A gas X is diffused `(1)/(sqrt2)`time slower than `SO_(2)` at same temperature calculate V.D of gas X :-

To solve the problem of finding the vapor density of gas X, which diffuses \( \frac{1}{\sqrt{2}} \) times slower than \( SO_2 \), we can follow these steps: ### Step-by-Step Solution: 1. **Understand the relationship between diffusion rates and molecular mass**: According to Graham's Law of Effusion, the rates of diffusion of two gases are inversely proportional to the square roots of their molar masses (molecular weights).
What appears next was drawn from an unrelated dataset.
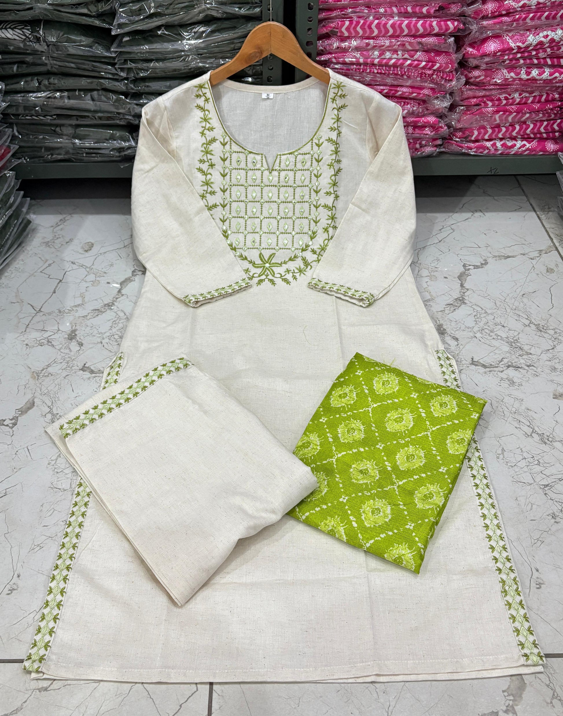 lavena white with green dupatta cotton suit

This can be expressed as: \[ \frac{R_1}{R_2} = \sqrt{\frac{M_2}{M_1}} \] where \( R_1 \) and \( R_2 \) are the rates of diffusion of gas X and \( SO_2 \) respectively, and \( M_1 \) and \( M_2 \) are their respective molar masses. 2. **Assign known values**: - Let \( R_2 \) (the rate of diffusion of \( SO_2 \)) be 1 (as a reference). - Given that gas X diffuses \( \frac{1}{\sqrt{2}} \) times slower than \( SO_2 \), we can express the rate of gas X as: \[ R_1 = \frac{R_2}{\sqrt{2}} = \frac{1}{\sqrt{2}} \] - The molar mass of \( SO_2 \) is calculated as: \[ M_{SO_2} = 32 + 32 = 64 \, \text{g/mol} \] 3. **Set up the equation using Graham's Law**: Plugging the values into Graham's Law gives: \[ \frac{R_1}{R_2} = \sqrt{\frac{M_{SO_2}}{M_X}} \] Substituting the known values: \[ \frac{\frac{1}{\sqrt{2}}}{1} = \sqrt{\frac{64}{M_X}} \] 4. **Square both sides to eliminate the square root**: \[ \left(\frac{1}{\sqrt{2}}\right)^2 = \frac{64}{M_X} \] This simplifies to: \[ \frac{1}{2} = \frac{64}{M_X} \] 5. **Rearrange to find \( M_X \)**: Cross-multiplying gives: \[ M_X = 64 \times 2 = 128 \, \text{g/mol} \] 6. **Calculate the vapor density**: The vapor density (VD) is defined as: \[ VD = \frac{M_X}{2} \] Substituting the value of \( M_X \): \[ VD = \frac{128}{2} = 64 \] ### Final Answer: The vapor density of gas X is \( 64 \, \text{g/L} \).